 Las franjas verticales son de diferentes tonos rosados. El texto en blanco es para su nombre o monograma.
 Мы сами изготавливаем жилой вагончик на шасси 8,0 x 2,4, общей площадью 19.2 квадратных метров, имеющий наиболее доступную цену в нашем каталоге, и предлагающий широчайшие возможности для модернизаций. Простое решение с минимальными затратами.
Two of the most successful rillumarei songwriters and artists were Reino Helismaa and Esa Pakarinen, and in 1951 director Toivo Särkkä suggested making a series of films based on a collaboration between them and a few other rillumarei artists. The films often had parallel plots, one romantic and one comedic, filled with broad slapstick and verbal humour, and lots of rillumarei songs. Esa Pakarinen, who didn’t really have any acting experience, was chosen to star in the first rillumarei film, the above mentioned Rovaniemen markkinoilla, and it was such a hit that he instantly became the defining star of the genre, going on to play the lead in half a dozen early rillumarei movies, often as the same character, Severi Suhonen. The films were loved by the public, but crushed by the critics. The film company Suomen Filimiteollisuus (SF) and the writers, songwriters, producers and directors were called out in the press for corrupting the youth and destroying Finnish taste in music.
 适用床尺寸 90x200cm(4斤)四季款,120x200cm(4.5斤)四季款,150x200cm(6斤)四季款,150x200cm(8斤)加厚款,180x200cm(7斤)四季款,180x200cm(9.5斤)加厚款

..............................

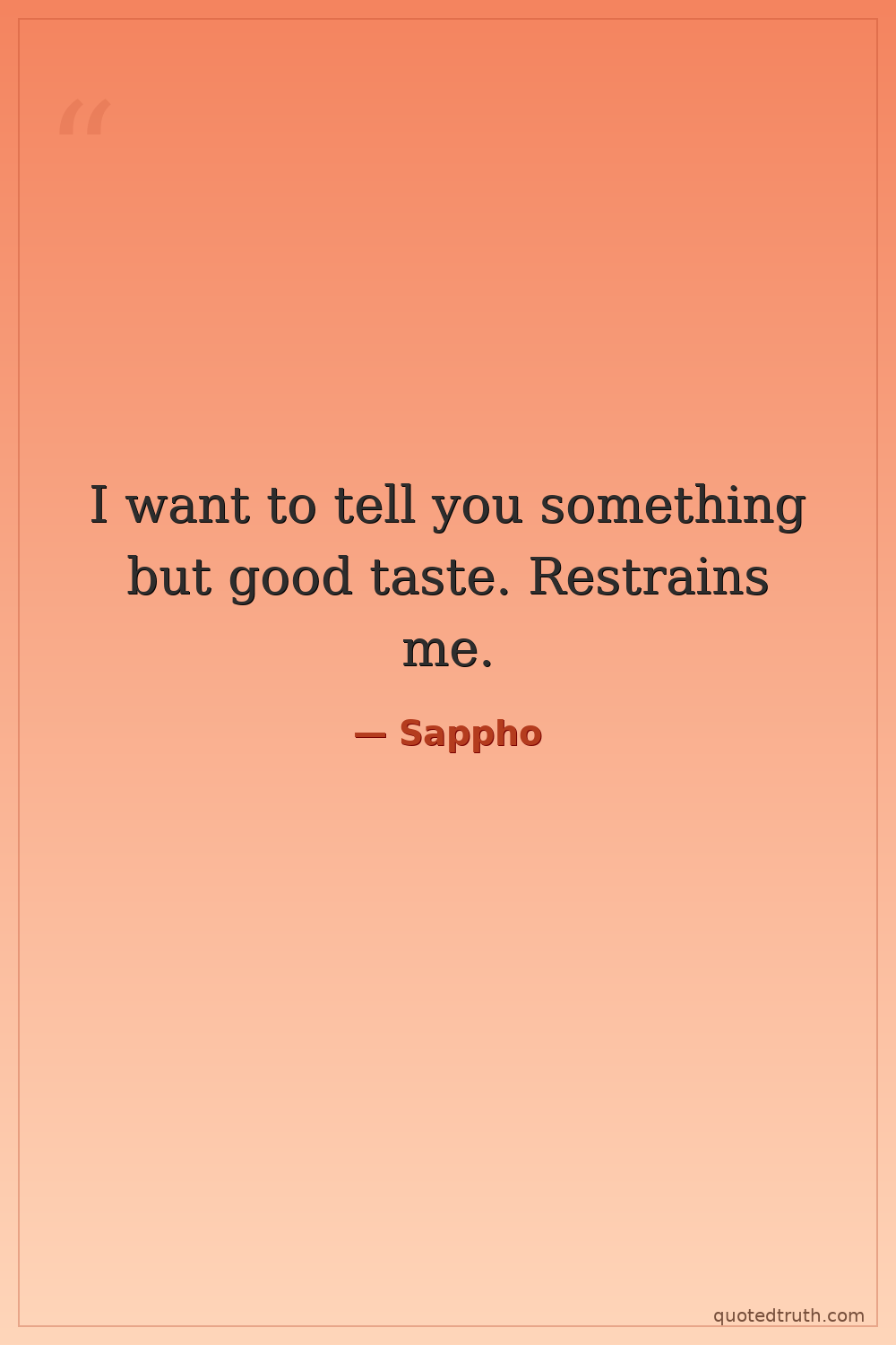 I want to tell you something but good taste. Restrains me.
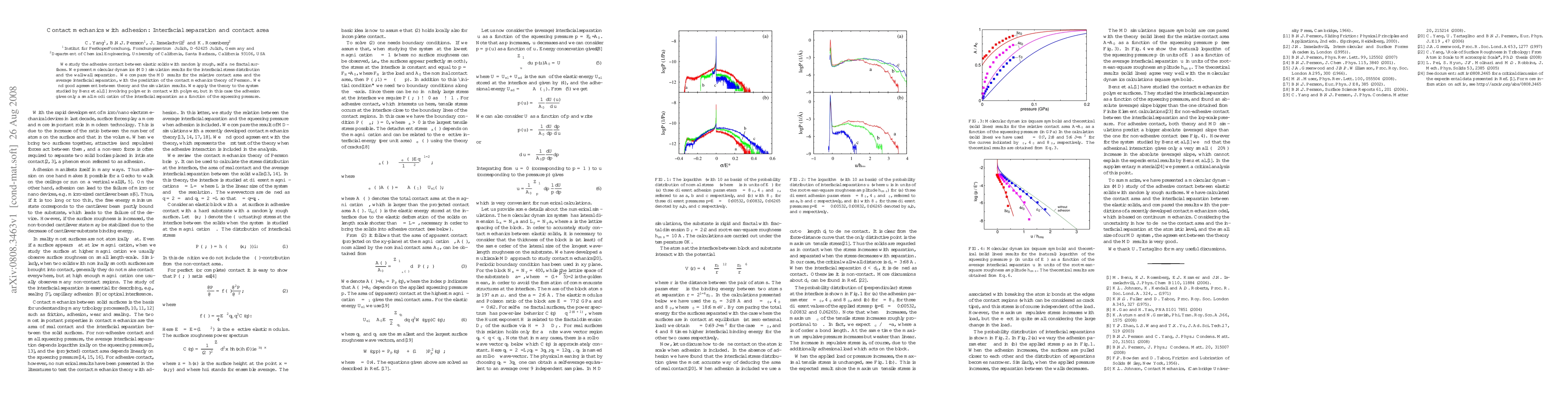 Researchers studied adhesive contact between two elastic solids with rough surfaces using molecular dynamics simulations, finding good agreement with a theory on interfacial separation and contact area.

..............................

## [WORK INSTRUCTION]
Everything above from the line containing "Two of the most" down to the line containing "适用床尺寸 90x200cm" is to be transcribed exactly, with both of those lines included and nothing else added.

## [SOLUTION FOR THIS PROBLEM]
Two of the most successful rillumarei songwriters and artists were Reino Helismaa and Esa Pakarinen, and in 1951 director Toivo Särkkä suggested making a series of films based on a collaboration between them and a few other rillumarei artists. The films often had parallel plots, one romantic and one comedic, filled with broad slapstick and verbal humour, and lots of rillumarei songs. Esa Pakarinen, who didn’t really have any acting experience, was chosen to star in the first rillumarei film, the above mentioned Rovaniemen markkinoilla, and it was such a hit that he instantly became the defining star of the genre, going on to play the lead in half a dozen early rillumarei movies, often as the same character, Severi Suhonen. The films were loved by the public, but crushed by the critics. The film company Suomen Filimiteollisuus (SF) and the writers, songwriters, producers and directors were called out in the press for corrupting the youth and destroying Finnish taste in music.
 适用床尺寸 90x200cm(4斤)四季款,120x200cm(4.5斤)四季款,150x200cm(6斤)四季款,150x200cm(8斤)加厚款,180x200cm(7斤)四季款,180x200cm(9.5斤)加厚款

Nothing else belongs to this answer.